O Ministro da Agricultura apresenta, no dia 07.05.1884, à Câmara dos Deputados, um relatório sobre a Comissão Morsing, no qual critica a planta da Public Works refutando, portanto, abertamente a conclusão de Carlos Alberto Morsing, afirmando:

Trabalho tão deficiente não poderia servir para determinar já o desenvolvimento da Ferrovia do Madeira e Mamoré, já o seu orçamento; o pensamento manifestado pelo Poder Legislativo, ao fixar o crédito destinado a tais estudos, ficaria em grande parte burlado se qualquer deliberação definitiva acerca da construção da estrada houvesse de ser tomada sobre dados meramente conjeturais, quais são os existentes quanto ao desenvolvimento da linha além da localidade denominada Jirau.

Morsing, no dia 19.05.1884, solicita que o Clube de Engenharia do Rio de Janeiro se manifeste sobre sua decisão de adotar como verdadeira a planta da Public Works.
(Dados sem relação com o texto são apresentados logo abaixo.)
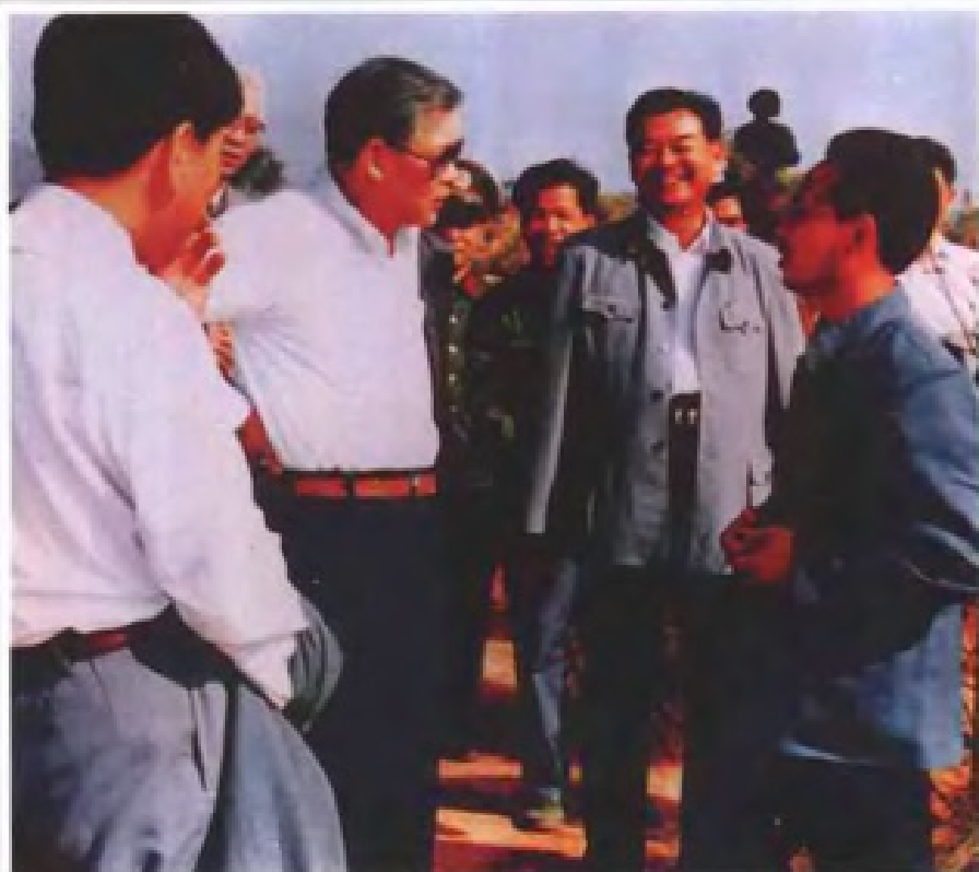
广东省省长叶选平（左二）在 梅州市视察林业（1990年）▶
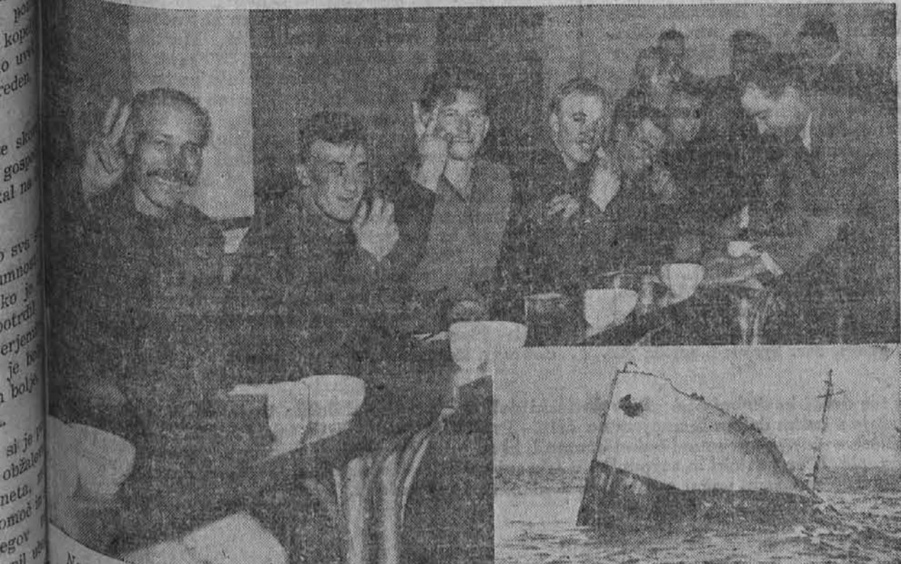
Na sliki vidimo nekatere člane posadke norveškega tovornega parnika Varangerja, ki je bil potopljen in pogreznen ob ameriški obali. Vsa posadka, ki je štela 42 moških, je bila rešena. V spodnji sliki vidimo prednji del parnika Varangerja, v trenutku, preden je izgubil stabilnost.
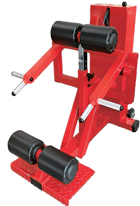
腰楽訓 W860/D1060/H860 重量 122 kg
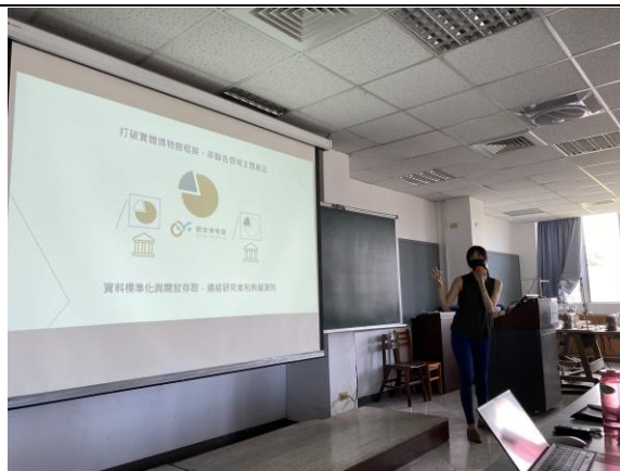
開放博物館專員演講

A entidade máxima dos engenheiros do Brasil resolve nomear uma Comissão de Notáveis, composta por nove engenheiros, no dia 16.07.1884, apresenta seu relatório favorável a Morsing nos seguintes termos:

A vista do exame que instituíram os documentos referidos, e das informações fornecidas pelo Chefe da Comissão de Estudos, incontestavelmente um dos mais hábeis e experimentados sobre questões de Estradas de Ferro, são os abaixo assinados de parecer que os trabalhos, apresentados ao Clube de Engenharia pelo referido ex-Chefe, oferecem, como estudos preliminares, subido valor técnico e satisfazem o fim para que foram organizados.
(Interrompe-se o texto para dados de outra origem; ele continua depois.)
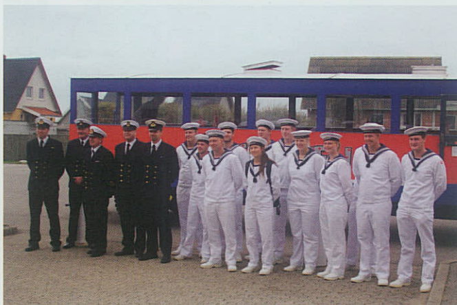
▲ Kongeskibet DANNEBROG's vagtfri besætning blev under opholdet i Thyborøn den 1. september serviceret af Thyborøn Marineforening.
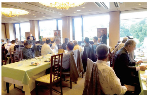
ゴルフコンペ パーティー風景
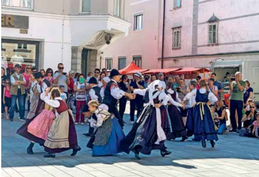
Na Glavnem trgu so se prepletali plesni, pevski in glasbeni nastopi vseh generacij.

Enajsti Pozdrav poletju je tretjo soboto v juniju soustvarjalo kar 385 sodelujočih.
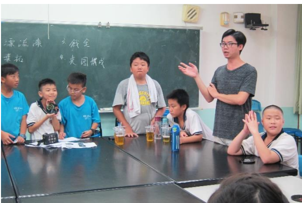
講師在旁給予適當協助分享、補充
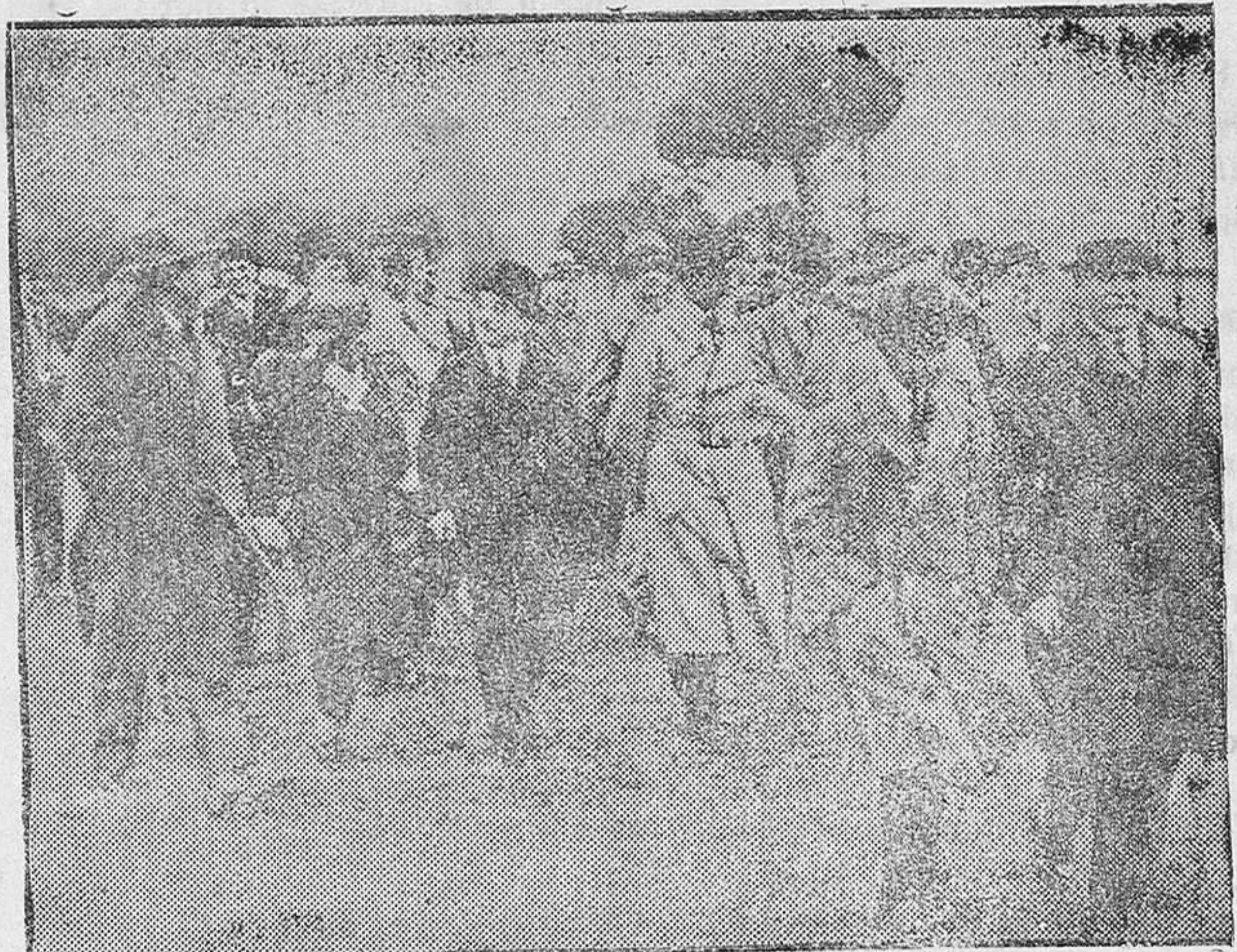
ROMA.—He aquí a los señores Mussolati, Dollfus y Goembels, con los Reyes de Italia al entrar en el Hipódromo para presenciar el concurso hípico

O próprio Governo Imperial resolvera nomear a sua Comissão de Notáveis formada pelos engenheiros Francisco Bicalho, Monteiro de Barros e o Conselheiro Sobragy, os quais julgaram, também, suficientes os estudos de Morsing para os fins que se tinha em vista.

Comissão Pinkas e a Ordem da Rosa  

Aguardava as informações para então travar com o nobre Ministro o combate que se julga com o direito de ferir em defesa dos seus velhos companheiros da Escola Politécnica. (Deputado Sinimbu Jr.)
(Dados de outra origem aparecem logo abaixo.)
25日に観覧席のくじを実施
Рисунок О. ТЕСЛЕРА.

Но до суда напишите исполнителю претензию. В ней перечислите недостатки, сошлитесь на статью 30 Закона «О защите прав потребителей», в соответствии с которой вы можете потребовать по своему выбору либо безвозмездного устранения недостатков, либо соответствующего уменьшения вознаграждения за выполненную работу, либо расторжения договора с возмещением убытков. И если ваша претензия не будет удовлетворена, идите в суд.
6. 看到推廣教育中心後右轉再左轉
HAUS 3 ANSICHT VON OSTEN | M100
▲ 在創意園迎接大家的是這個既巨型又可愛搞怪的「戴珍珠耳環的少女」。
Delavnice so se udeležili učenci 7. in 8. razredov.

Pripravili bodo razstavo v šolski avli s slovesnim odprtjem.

Júlio Pinkas retorna a Manaus no dia 10.09.1884; surpreendentemente, em apenas 77 dias, as turmas haviam levantado 200 quilômetros da futura Estrada de Ferro em plena selva. O Ministro da Agricultura, numa clara afronta aos engenheiros brasileiros, mesmo sem conhecer o resultado da Comissão Pinkas, pois as plantas ainda estavam sendo elaboradas, resolve, no dia 25.04.1885, agraciar toda a Comissão Pinkas com a Ordem da Rosa. No dia 29.04.1885, o Ministro da Agricultura compareceu a uma tumultuada sessão na Câmara dos Deputados. O Deputado Sinimbu Jr. atacou a conduta abjeta do Ministro que desprezara deliberadamente os membros da Comissão Morsing que não mereceram por parte dele uma palavra elogiosa sequer.

O Deputado apresentou, ainda, um requerimento dirigido ao Ministro solicitando que informasse se já estavam concluídos os estudos da Estrada, quanto se gastara, etc.

Moção do Clube de Engenharia  

No dia 01.05.1885, no Clube de Engenharia do Rio de Janeiro, o Engenheiro Amarílio Olinda de Vasconcelos, funcionário do Ministério da Agricultura, propõe, corajosamente, ao plenário, a seguinte moção, que foi aprovada por unanimidade:

O Clube de Engenharia, conhecendo o ato recente do Governo Imperial, que galardoou os serviços prestados pela 2ª Comissão de estudos da Estrada de Ferro Madeira e Mamoré em complemento aos trabalhos não menos árduos e relevantes que a precederam e foram realizados com a maior dedicação, lastima que não fossem igualmente considerados os esforços excepcionais, os resultados obtidos e os sacrifícios pessoais da 1ª Comissão, dirigida pelo Engenheiro Carlos Alberto Morsing.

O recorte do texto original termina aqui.